Tuesday, October 07, 2008

Lehman's Choices

I've written 11 posts which include a "Lehman" label. The first was this one on April 7th of this year. In that piece, I wrote,

"Is it possible that only one, perhaps two investment banks- Goldman Sachs and Merrill Lynch- are now sufficiently diversely funded and large to avoid the ultimate negative consequence of their leverage- insolvency?

Maybe Lehman, for all its efforts, just still isn't sufficiently diverse, large, and long term funded. Maybe Morgan Stanley isn't, either.

You have to wonder if this is about to be an opportune time for Dick Fuld, Lehman's hardnosed CEO, to exit via a sale of his firm to a commercial bank.
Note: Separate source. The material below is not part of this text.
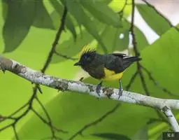 黄颊山雀是雀形目山雀科山雀属鸟类。雄鸟额、头顶和羽冠为具有光泽的黑色;额基、眼先、眉纹、脸颊和耳羽等头颈侧为鲜艳的明黄色;贯眼纹黑色;后颈亦具一黄斑;上体灰黄绿色,羽缘黑色;尾羽黑色具蓝灰色羽缘,基部白色;下体颏、喉至上胸为富有金属光泽的黑色;胸下有一黑色宽中央纵纹,一直延伸至肛周;其余下体白色;胸侧和两胁染黄色或蓝灰色;虹膜暗褐色;喙黑色;脚铅蓝灰色至铅黑色。雌鸟似雄鸟,但上体光泽较弱,胸腹部黑色纵带不明显。黄颊山雀分布于亚洲东南部地区,在中国分布于华中、华南和西南等地。栖息于中低山常绿阔叶林、针叶林和混交林中,也见于山麓疏林灌丛草坡或茶园、果园等地。常成对或小群活动,也和大山雀等其他小型鸟类混群,活跃地在乔灌木枝叶间飞翔跳跃。主食鳞翅目和鞘翅目等昆虫,兼食植物种实。繁殖期在4-6月,营巢于树洞、岩隙或墙缝中。窝卵数为3-7枚,卵灰白色且有红褐斑,雏鸟晚成。黄颊山雀被列入中国林业局200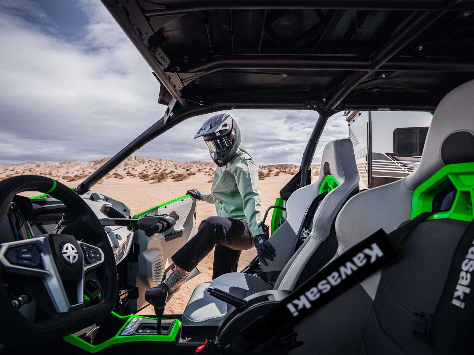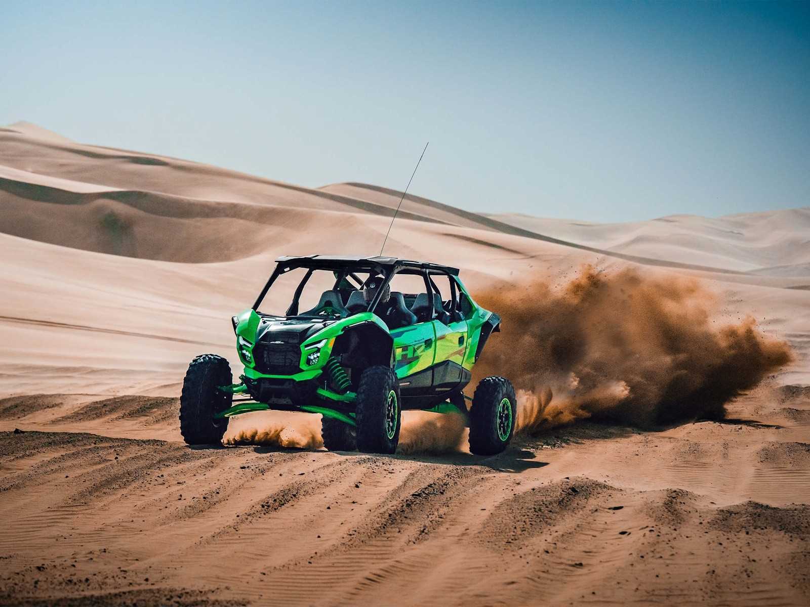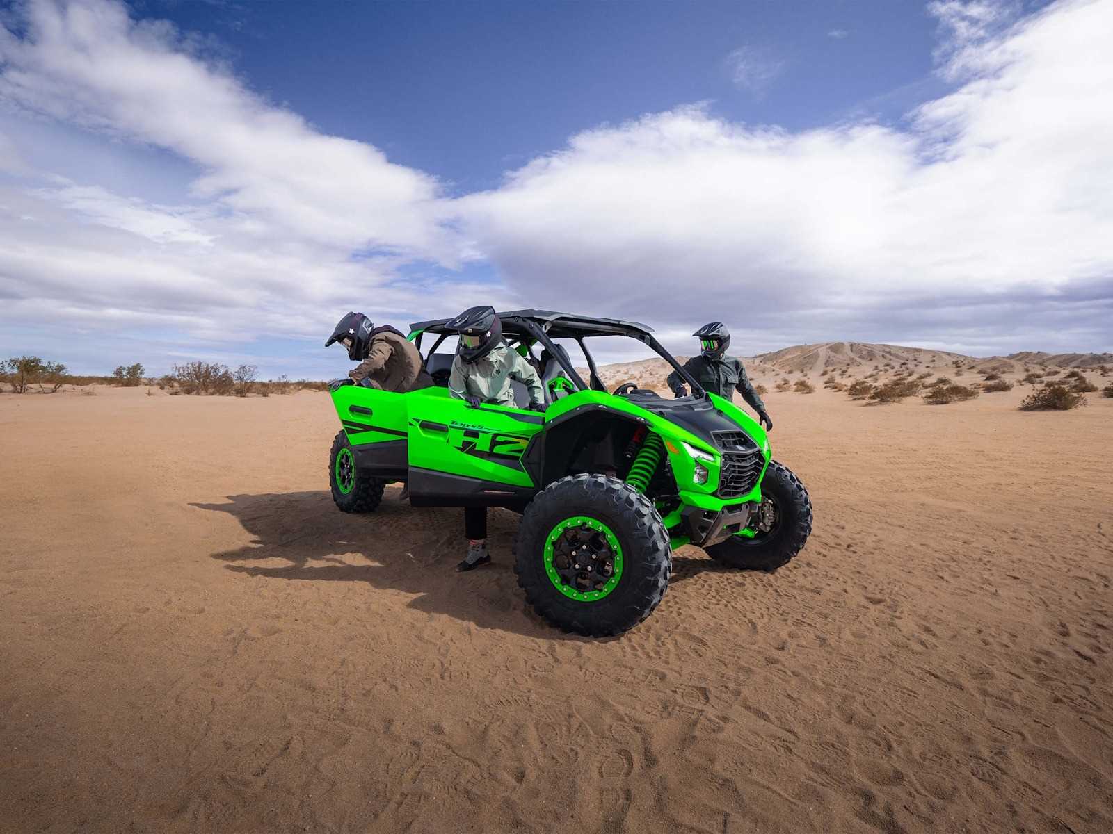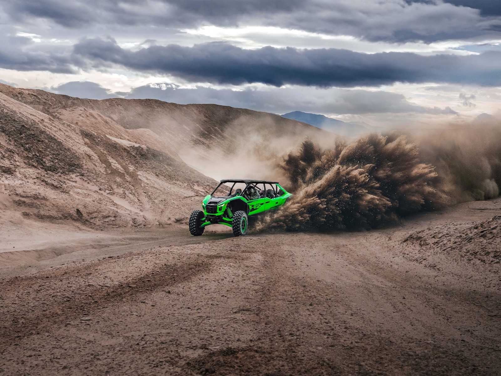The all-new Teryx®4 H2 and Teryx®5 H2 high-performance side x sides are designed for dune and desert domination. The 250-HP¹ 999cc in-line 4-cylinder supercharged engine is harnessed by a continuously variable transmission (CVT) and a highly rigid frame complemented by long-travel suspension that helps balance the engine's massive power for maximum control. Predictable handling and confident stopping power add to the well-balanced package delivering maximum fun that can be shared with the whole family.

Once Fed funding is off-limits again, what will Lehman's stock price do? For how long will investors really believe that an investment bank is safe, now that SEC Chairman Chris Cox noted that Bear Stearns lost slightly less than 90% of its liquid assets in one day last month?

Lehman still has significant exposure to mortgage loans. And Bear's experience demonstrates how quickly the loans from commercial banks, on which all brokers/investment banks depend, can be pulled.

Per my recent posts in the wake of the Fed's window opening to investment banks, I just don't see, long term, why any but perhaps the very best one or two investment banks can remain independent."

Fuld's claims that he never turned down an offer to buy Lehman are beside the point. Fuld should have been seeking a buyer by the Friday before the weekend that marked Bear Stearns' death.

How hard a knock on his noggin did Fuld require to see the end coming? In this post, written only a few weeks ago, I related John Gutfreund's comments on CNBC one mid-September morning. Significant among his remarks were these, which I reported in my post,

"Gutfreund was asked how Lehman's demise came about, and he said something to the effect,

"By the over-optimistic actions of the firm's CEO and his senior managers."

Pressed further, he allowed as how the firm was unrealistic, in this era and environment, to believe it could remain independent while grappling with its writedown problems. Gutfreund never used Fuld's name, but pointed out that Lehman had had months in which to gracefully sell itself before coming to Chapter 11.

It was refreshing to see a sensible, blunt Wall Street veteran avoid needless emotion and hysteria, while simply calling yesterday's events as he saw them. Nothing to be panicked about.

Rather, one company, Lehman, prolonging its own agony...."


Once again, I'm in good company. Gutfreund feels, as do I, that Fuld had plenty of time to see the end coming and sell Lehman to a commercial bank. He chose not to.

He now blames short sellers for destroying his firm. But, in truth, Fuld had at least a full month, post-Bear Stearns' demise, to arrange a sale of Lehman from a position of some strength.

Worse, he seems to have put his executives, especially Erin Callan, the short-timer Lehman CFO, up to allaying fears among counterparties and investors as to Lehman's solvency. While publicly proclaiming that Lehman had no need for more capital, privately, the firm's senior executives were constantly discussing plans to raise needed additional capital throughout this past summer.

Yes, Lehman, as run by Dick Fuld, had ample opportunity to end its life in a different manner than it did.

We'll never know for certain, but it's a fair bet that Dick Fuld's ego cost all Lehman's shareholders, including many then-current, and past employees a considerable chunk of their assets. How much might have a commercial bank- foreign or domestic- paid for a still-breathing Lehman in April of this year?

A lot more than the zero value remaining shareholders realized by the firm's bankruptcy. And, for that, you have to blame Dick Fuld.